## Goal of the exercise
Repeat the data word for word. Do not include the pictures.

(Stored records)

★ ★ ★ ★ ★

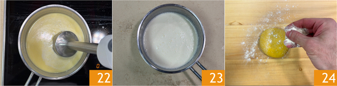 Mélangez pour faire fondre complètement le fromage, puis éteignez le feu et mixez 22 pour obtenir une fondue lisse et filante 23. Reprenez le pâton de pâte et saupoudrez-le légèrement de farine 24.
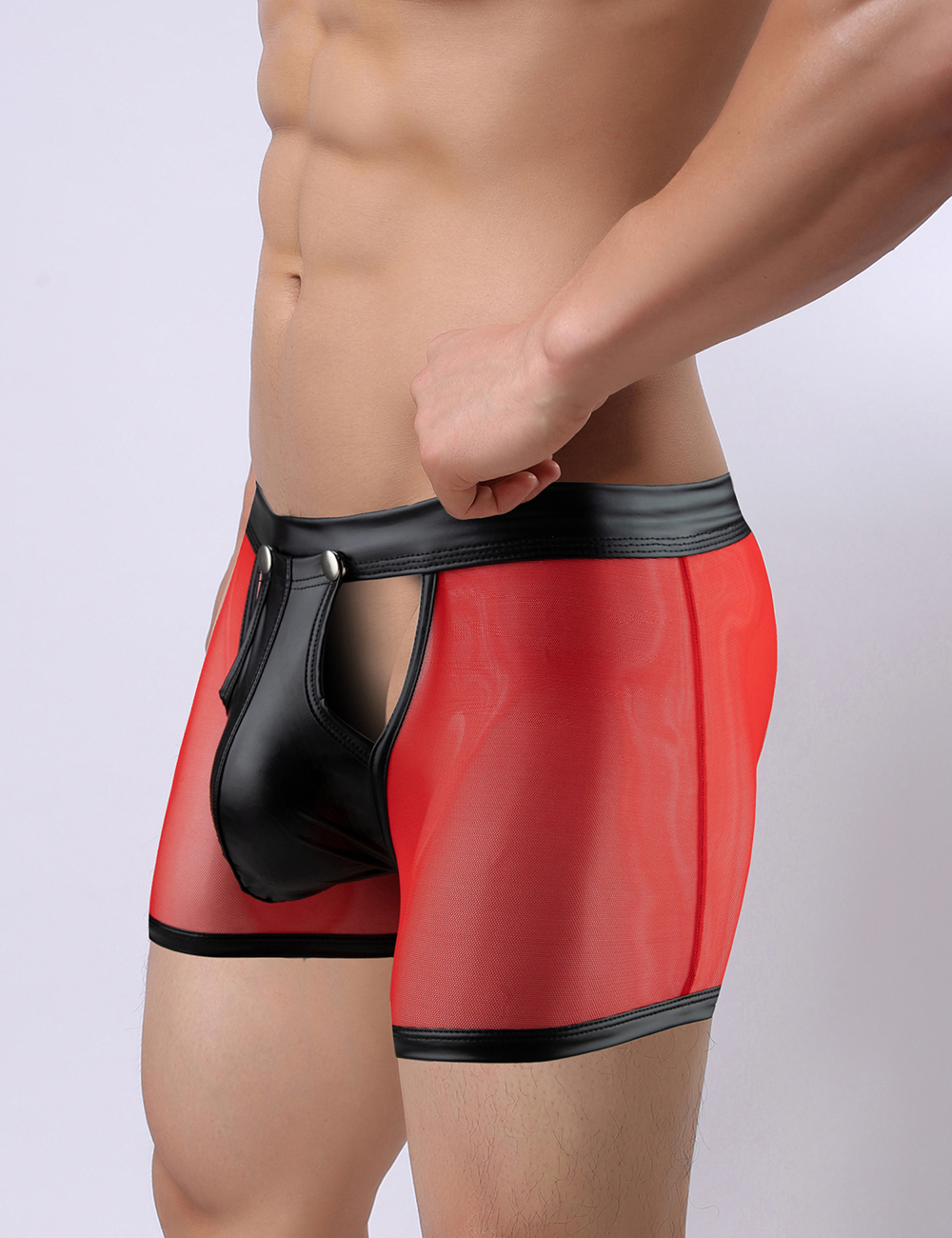 Standard product name: Black and red in 2 colors, mesh + faux leather fabric, front middle openable U-shaped pouch design, M-2XL, men`s sexy boxers.
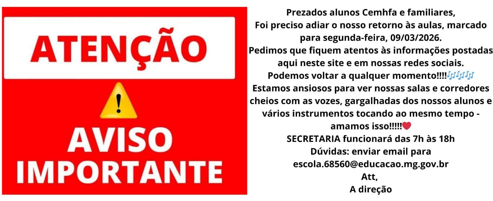 AVISO - VOLTA ÀS AULAS CEMHFA E HORÁRIOS 2026
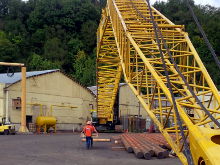 RFP began updating its plywood manufacturing plant in Coquille, Oregon in 2015. WCC drove 51 steel piling to depths of up to 87 feet to provide a foundation for the new equipment. Site conditions required WCC to bring in the Kobelco CK1600 crane, rated for 160 tons, equipped with 150 ft. of standard boom and 60 ft. of jib for a total of 210 ft.
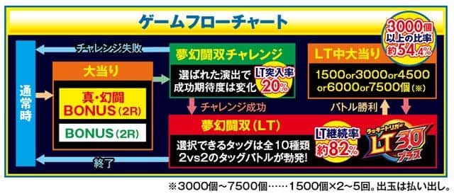 継続率約82%×最大出玉7500個(10R×5回)を誇るLTモード。この間は2vs2のタッグバトルに勝利できれば大当り+継続濃厚だ。
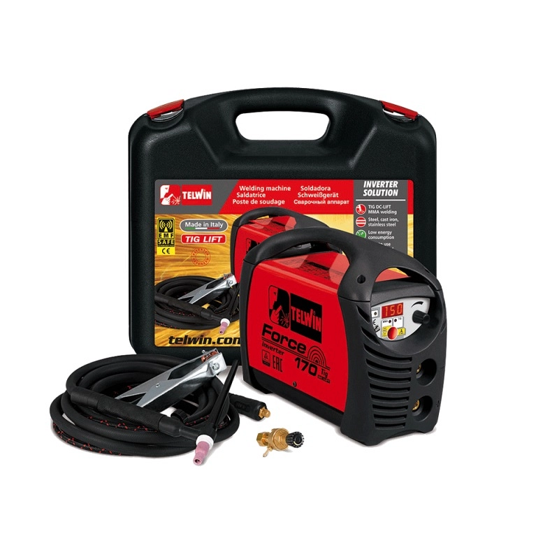 TELWIN APARAT ZA ZAVARIVANJE FORCE TIG 170 DC SA PRIBOROM ZA TIG 816214 je invertorski zavarivač namijenjen za TIG (DC-Lift) i MMA zavarivanje. Radi na jednofaznoj mreži (~230 V). Pogodan je za različite materijale: čelik, nerđajući čelik, titan, bakar, nikl i njihove legure.
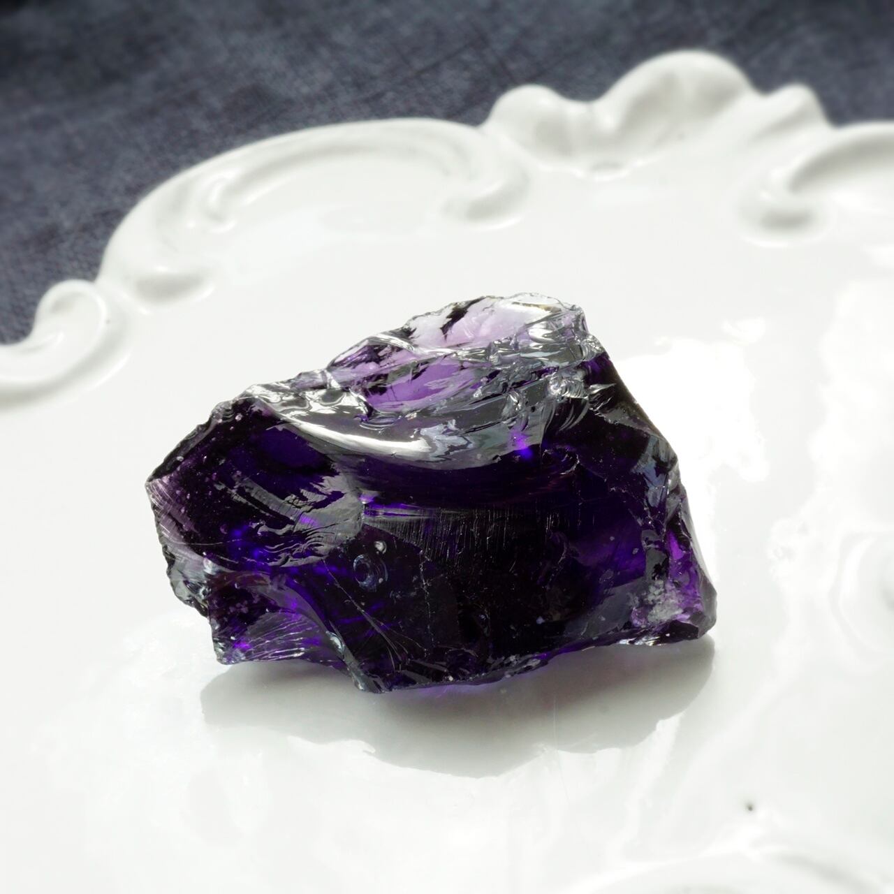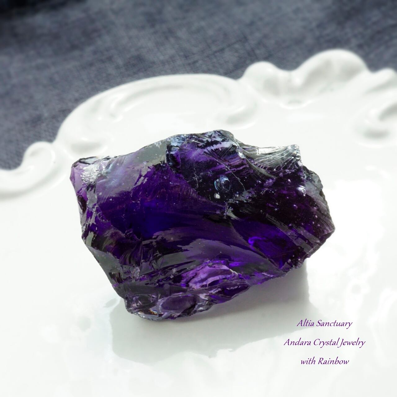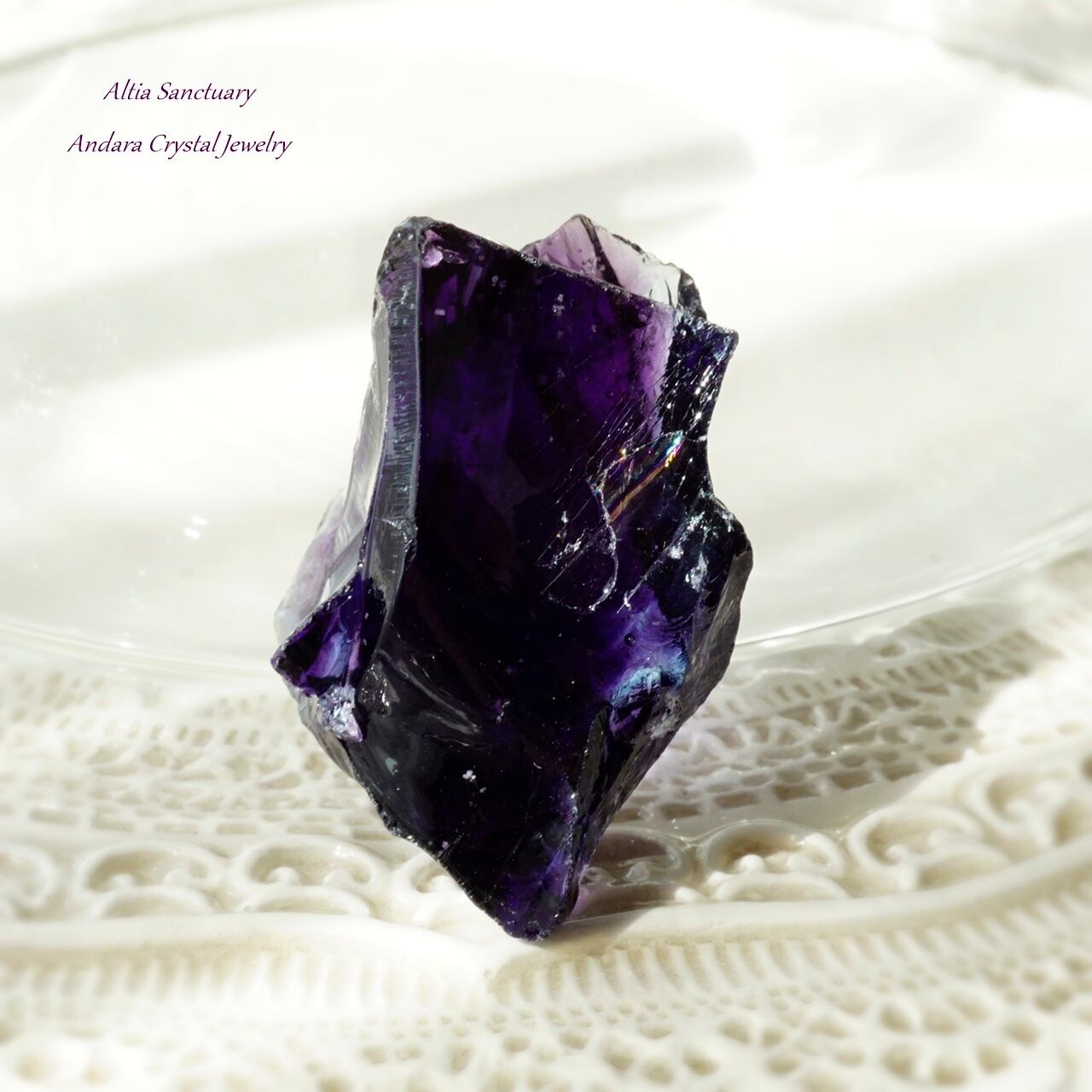 ミステリアスなブラック×鮮やかなパープルがマリアージュした「イリジウムアメジスト」です。光を通すと、より魅惑的なパープルが光り輝きます。そこに「インディゴサファイア」も見られます。小さな虹も輝いています。

★ ★ ★ ★ ★

## Reply to the task
 Mélangez pour faire fondre complètement le fromage, puis éteignez le feu et mixez 22 pour obtenir une fondue lisse et filante 23. Reprenez le pâton de pâte et saupoudrez-le légèrement de farine 24.
 Standard product name: Black and red in 2 colors, mesh + faux leather fabric, front middle openable U-shaped pouch design, M-2XL, men`s sexy boxers.
 AVISO - VOLTA ÀS AULAS CEMHFA E HORÁRIOS 2026
 RFP began updating its plywood manufacturing plant in Coquille, Oregon in 2015. WCC drove 51 steel piling to depths of up to 87 feet to provide a foundation for the new equipment. Site conditions required WCC to bring in the Kobelco CK1600 crane, rated for 160 tons, equipped with 150 ft. of standard boom and 60 ft. of jib for a total of 210 ft.
 継続率約82%×最大出玉7500個(10R×5回)を誇るLTモード。この間は2vs2のタッグバトルに勝利できれば大当り+継続濃厚だ。
 TELWIN APARAT ZA ZAVARIVANJE FORCE TIG 170 DC SA PRIBOROM ZA TIG 816214 je invertorski zavarivač namijenjen za TIG (DC-Lift) i MMA zavarivanje. Radi na jednofaznoj mreži (~230 V). Pogodan je za različite materijale: čelik, nerđajući čelik, titan, bakar, nikl i njihove legure.
 ミステリアスなブラック×鮮やかなパープルがマリアージュした「イリジウムアメジスト」です。光を通すと、より魅惑的なパープルが光り輝きます。そこに「インディゴサファイア」も見られます。小さな虹も輝いています。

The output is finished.